Article 2 : La requête de l’ASSISTANCE PUBLIQUE A MARSEILLE devant la cour administrative d’appel de Marseille est rejetée en tant qu’elle concerne l’évaluation du préjudice du jeune Lucas B.
Article 3 : La rente annuelle que l’ASSISTANCE PUBLIQUE A MARSEILLE est condamnée à verser à M. et Mme B en leur qualité de représentants légaux de leur fils Lucas est portée à 30 000 euros, avec jouissance au 12 août 1994. Cette rente est versée par trimestres échus et son montant, fixé à la date du 19 novembre 2002, est revalorisé par application des coefficients prévus à l’article L. 434-17 du code de la sécurité sociale. Elle porte intérêts légaux à compter du 3 décembre 1999 pour les arrérages dus à cette date, et, pour les arrérages ultérieurs, à compter de leurs dates d’échéance. Les intérêts échus le 9 mai 2008 seront capitalisés à cette date puis à chaque échéance annuelle ultérieure à compter de cette date pour produire eux mêmes intérêts.

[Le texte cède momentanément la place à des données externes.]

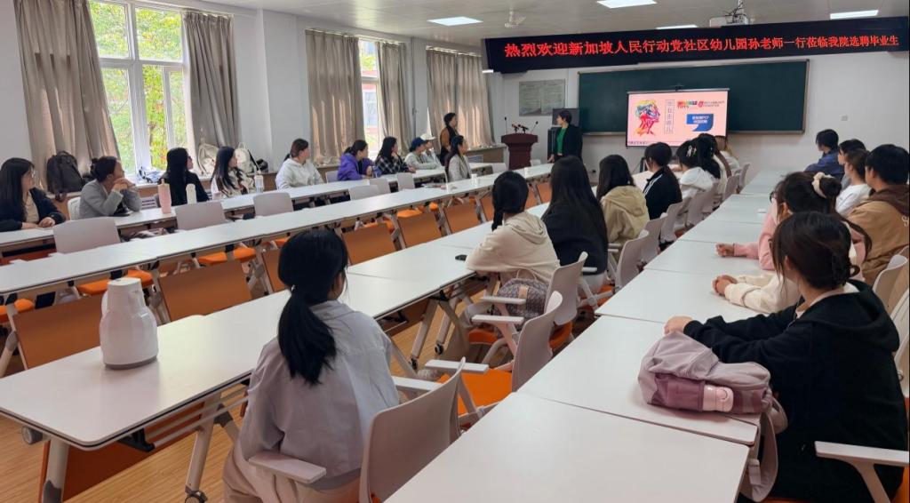 4月23日下午,教育学院邀请新加坡人民行动党社区基金会幼儿园(PCF)幼师项目主管孙雯莉一行来bat365举办专场招聘活动。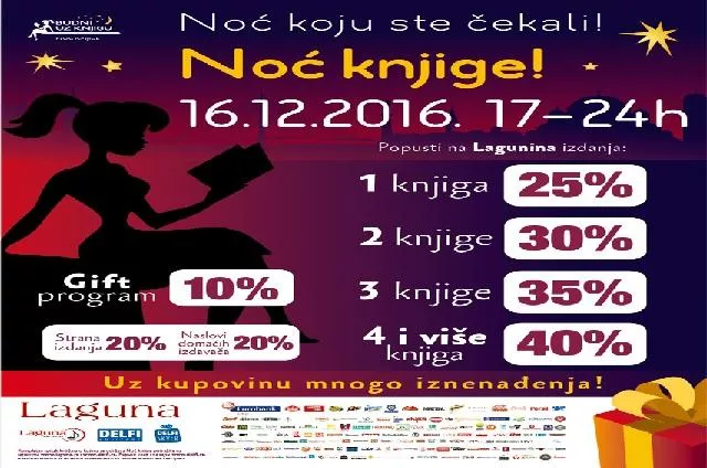 Regionalna manifestacija Noć knjige po petnaesti put biće organizovana 16. decembra od 17.00 do 24.00 časa. Noć knjige će se održati u knjižarama Delfi i Laguninim klubovima čitalaca koji se nalaze u Beogradu i u još dvadeset gradova u Srbiji.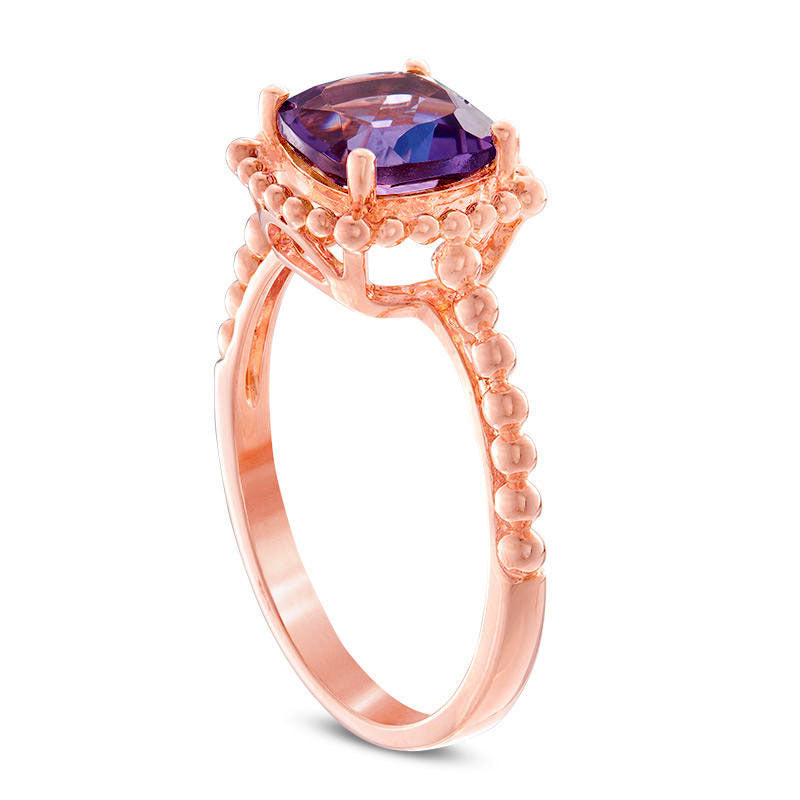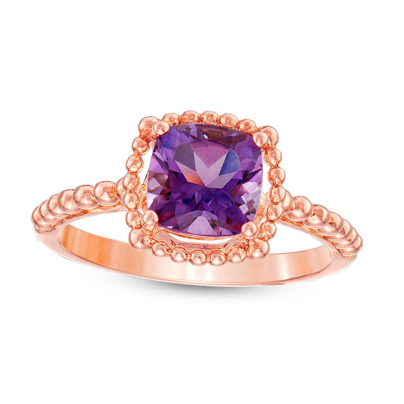 Add a pop of color to any outfit with this stunning gemstone ring. Crafted in 10K rose gold, the ring features a dazzling 7.0mm cushion-cut amethyst in a bright purple hue, set within a charming beaded frame. The slender shank of the ring is adorned with larger polished beading on either side, adding an ultra-feminine touch to its overall design. Buffed to a brilliant luster, this sassy and stylish ring is a must-have accessory. Available only in size 7, it is the perfect addition to any jewelry collection.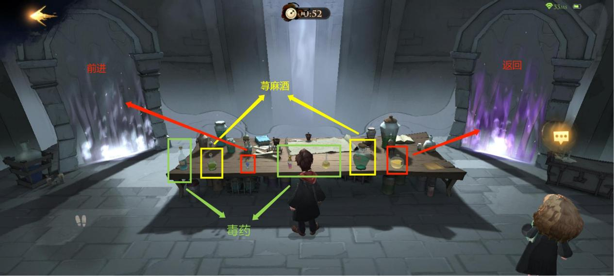 想要三星通关,我们需要先喝下左右两边的荨麻酒,再让哈利喝下右一的黄色药剂,选择通过紫色火焰的门,就能一次解决了。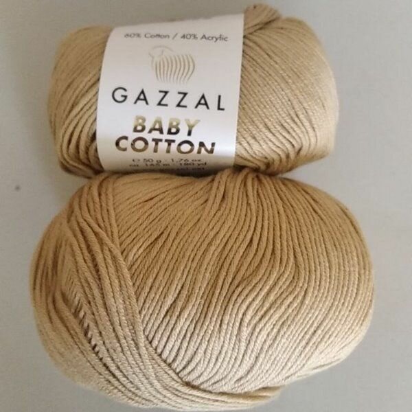 Пряжа для вязания GAZZAL BABY COTTON (Газзал Бейби Коттон) / цвет 3424 - Песок (партия 240119) / 2шт / 165м/50г, хлопок 60%, акрил 40% информация:

Article 4 : La somme que l’ASSISTANCE PUBLIQUE A MARSEILLE est condamnée à verser à la CPAM du Var est portée à 130 284,19 euros au titre des frais exposés et 109 675,82 euros au titre des frais futurs. La somme correspondant aux frais exposés est assortie des intérêts légaux à compter du 17 février 2000 pour sa fraction égale à 127 153,14 euros et à compter du 25 avril 2003 pour sa fraction restante de 3 131,05 euros.
Article 5 : Le jugement du tribunal administratif de Marseille du 19 novembre 2002 est réformé en ce qu’il a de contraire à la présente décision.
Article 6 : Les conclusions de M. et Mme B devant la cour administrative de Marseille tendant à la condamnation de l’ASSISTANCE PUBLIQUE A MARSEILLE à des dommages-intérêts pour procédure abusive sont rejetées.
Article 7 : Le surplus des conclusions du pourvoi de l’ASSISTANCE PUBLIQUE A MARSEILLE est rejeté.
Article 8 : L’ASSISTANCE PUBLIQUE A MARSEILLE versera la somme de 6 000 euros à M. et Mme B au titre de l’article L. 761-1 du code de justice administrative.
Article 9 : La présente décision sera notifiée à l’ASSISTANCE PUBLIQUE A MARSEILLE, à M. et Mme Domingo B et à la caisse primaire d’assurance maladie du Var. Copie pour information en sera adressée à la ministre de la santé, de la jeunesse, des sports et de la vie associative.